Happy Easter to my Christian friends! American Jews have lots to be grateful for to you. For one, there’s a historical argument to be made that American Christians invented modern Zionism.
That thesis relates to Passover. Yesterday in synagogues around the world, as part of the intermediate Sabbath of the festival, Jews read the passage from Ezekiel (37:1-14) that describes the vision of the valley of dry bones that miraculously take on flesh and live again.
Traditionally, some Jews understood the prophecy as referring to the resurrection of the dead that will take place at some point following the Messianic redemption. The resurrection will take place at Passover, according to this view, hence the reading from Ezekiel. There are other opinions as well.
As my friend
Rabbi Daniel Lapin reminded us at Shabbat lunch yesterday, an influential forebear of the two Presidents Bush, George Bush, a professor at New York University, also used the image as the title of his bestselling book of 1844,
Valley of Vision: The Dry Bones of Israel Revived.
Bush called for “elevating” the Jews “to a rank of honorable repute among the nations of the earth by re-creating their state in Palestine. Such restitution would benefit all of mankind, forming a “link of communication” between humanity and God. “It will blaze in notoriety,” Bush foretold. “It will flash a splendid demonstration upon all kindreds and tongues of the truth.”
But by that point American Christian proto-Zionism had been gathering steam for many years. In the colonial period, theologian Cotton Mather and Harvard president Increase Mather “called for the destruction of the Ottoman empire to make way for the Jews’ return.” Writes Oren:
More ardently still, John Adams envisioned “a hundred thousand Israelites…[as] well disciplined as the French army” marching into Palestine and conquering it. “I really wish the Jews again in Judea an independent nation,” the ex-president wrote…in 1819.
What were the Jews themeselvs thinking, meanwhile? The traditional theological view prevailed that the longed for return to Zion should only come as part of the train of events following the appearance of the Messiah. I have
some sympathy for this perspective, well grounded as it is in the classical sources.
In
A History of Israel from the Rise of Zionism to Our Time, Howard M. Sachar traces that “rise” back as early as 1839 and 1843 when two Orthodox rabbis Judah Alkalai and Zvi Hirsch Kalischer, of Belgrade and East Prussia respectively, broached the idea of a pre-Messianic movement of return. Sachar calls
them the “forerunners of Zionism.” He says nothing of the earlier, Christian forerunners.

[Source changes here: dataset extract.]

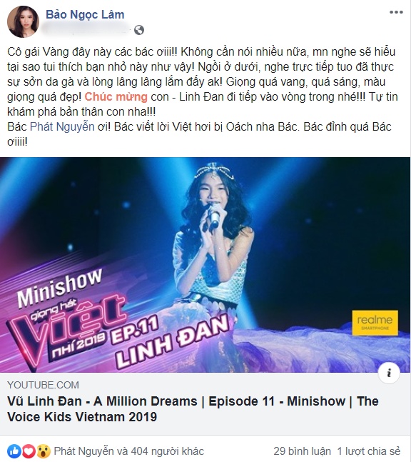 Bên cạnh đó, Lâm Bảo Ngọc còn khẳng định Linh Đan chính là một “giọng ca vàng”, với nhiều tiềm năng đặc biệt cần được khám phá. Do đó, cô luôn đặt ra sự vọng và tâm huyết của mình dành cho chiến binh của đội Phạm Quỳnh Anh - Dương Khắc Linh. Thậm chí, học trò Tuấn Hưng còn hy vọng Linh Đan sẽ giành được ngôi vị quán quân Giọng hát Việt nhí 2019.

It’s ironic that in Jewish life today, at least in the United States, a given idea’s popular association with Christians — whatever the idea’s merits, whatever its genuine Jewish bona fides — has the general effect of rendering it treif, non-kosher, or at least highly suspicious in the view of many Jews. One thinks of intelligent design.
Yet the modern Jewish idea par excellence, Zionism, is one that Christians thought of before we did.